Каиров лениво поднял на Арнольда голову, с минуту смотрел на него отрешенным, пустым взглядом.
— Кому звонить? Зачем?.. Ах да! Я сейчас позвоню.
«Да, да, конечно,— подумал Каиров,— я сейчас позвоню... В концертах скрипача заинтересован Роман Соловьев». И Каиров, как ни тяжело было ему в эту минуту, решил позвонить на квартиру знакомому журналисту, попросить его сделать скрипачу рекламу. В газете у него было больше своих, знакомых людей, чем чужих. Не раз некоторые журналисты доказывали Борису Фомичу свою верность. А тут вдруг словно вымерли знакомые газетчики.
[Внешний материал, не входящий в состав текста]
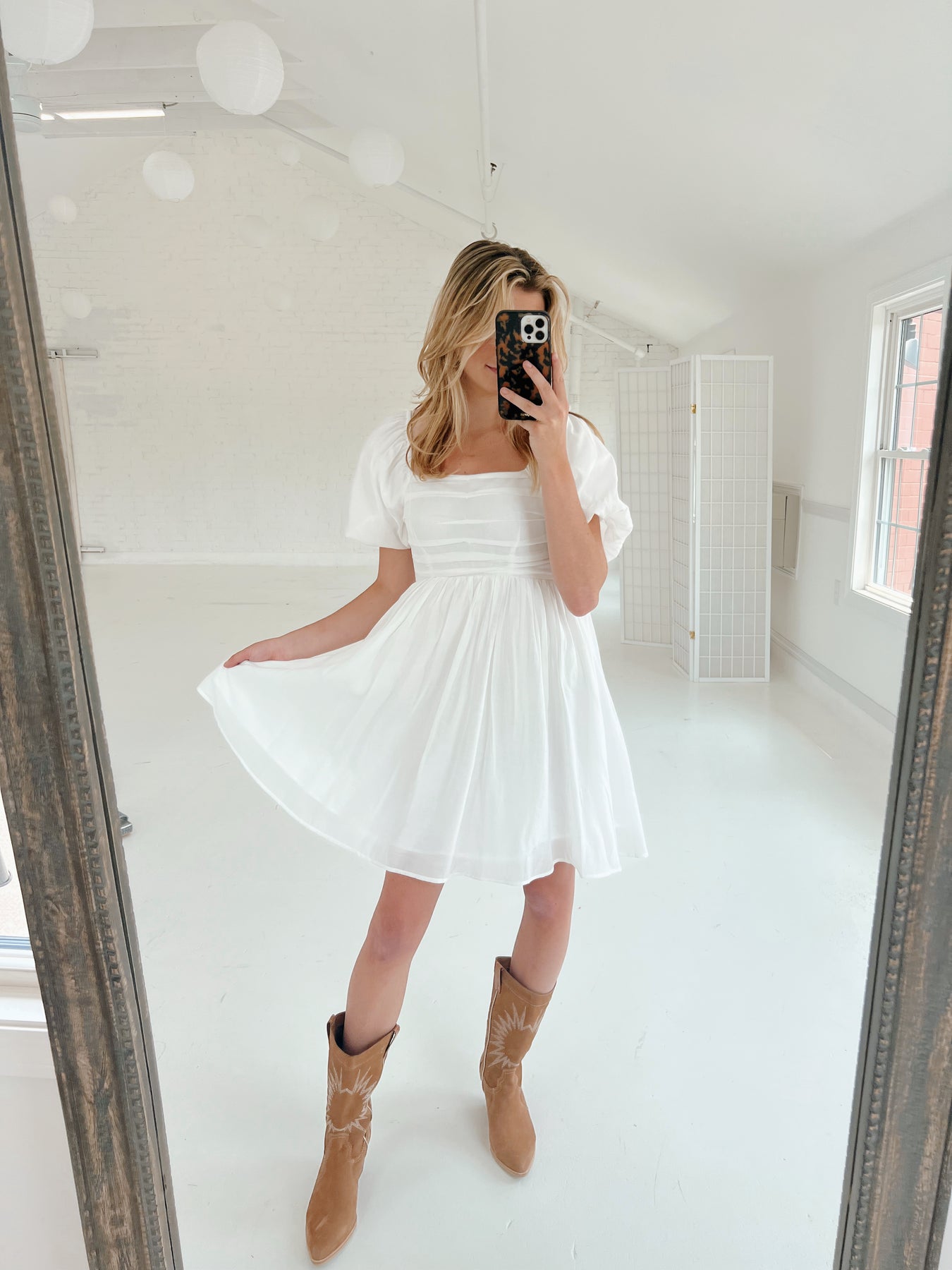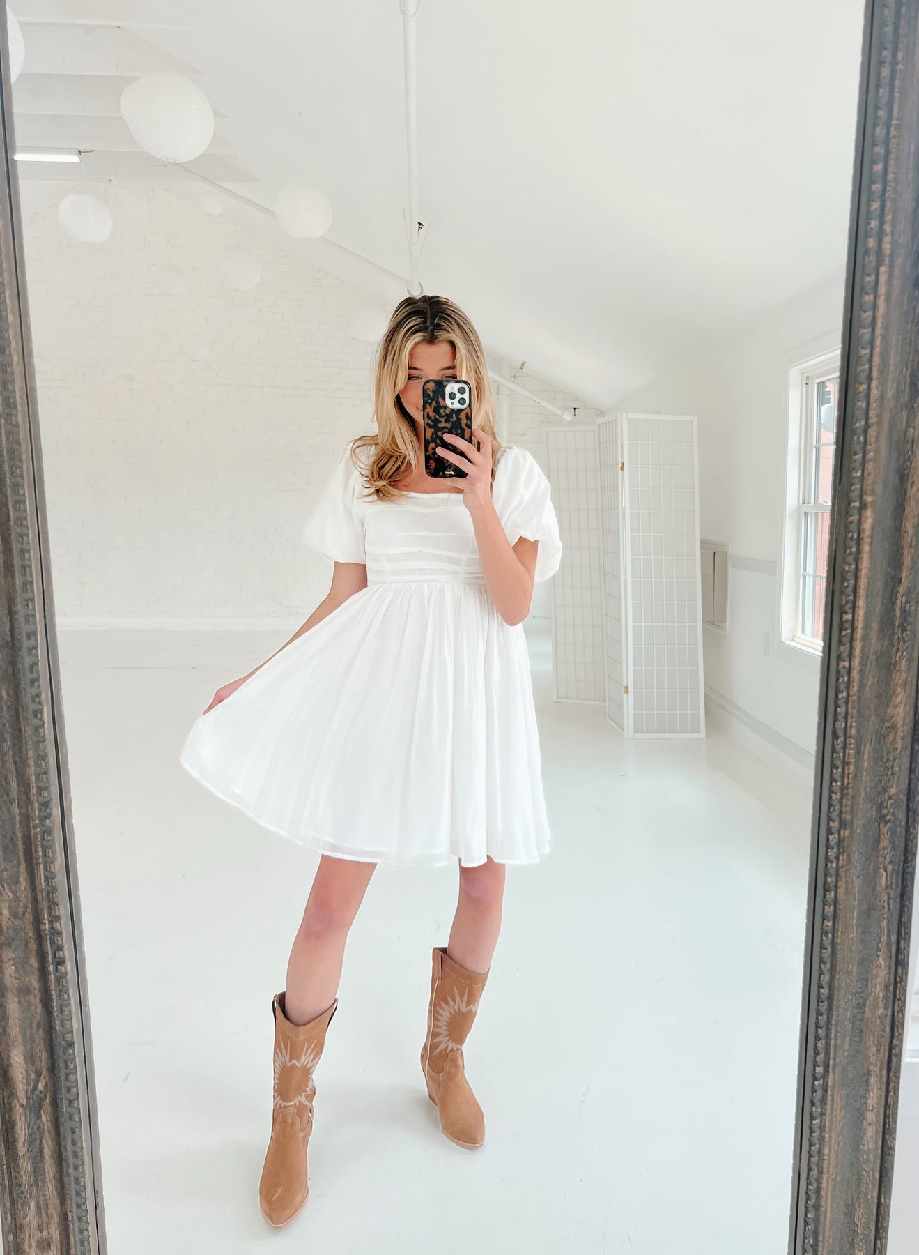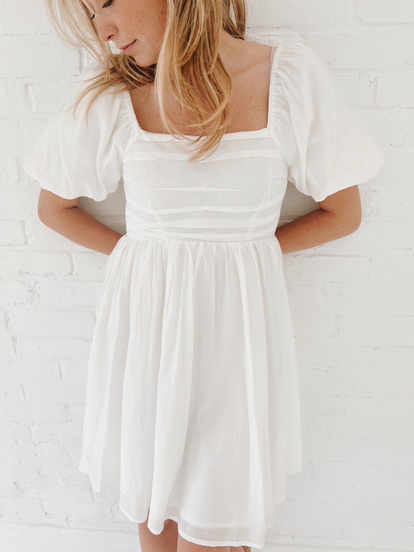 Details: Length: 34" Bust: 28" Materials: 75% Tencel 25% Polyester Color: White Fit: Puffed sleeve flowy lined mini dress.

Не подняли шума, не сбросили с полос ужасный фельетон. Ну хотя бы накануне публикации ему на квартиру позвонили, он бы и сам нажал нужные педали.
Каиров позвонил знакомому газетчику, долго говорил о киевском скрипаче, просил дать рецензию и вообще рекламу.
Потом ходил по квартире. Арнольд гремел чайником на кухне — готовил кофе, а Борис Фомич ходил и ходил из угла в угол. Старался припомнить, что ещё нужно сделать сегодня для Арнольда. Да, кажется, ничего не надо, кажется, сегодня он все свои обязанности исполнил. Но зачем же он ещё здесь остается, этот надоевший ему хамоватый... искусствовед. А может, он ждет ужина?.. Может, Зина и Михаил намереваются, как и вчера, с шахты, с концерта, который идет сейчас, заехать к Каирову и, так же как вчера, у него на квартире устроить пирушку?.. Ох как же они надоели, эти родственнички Соловьева!..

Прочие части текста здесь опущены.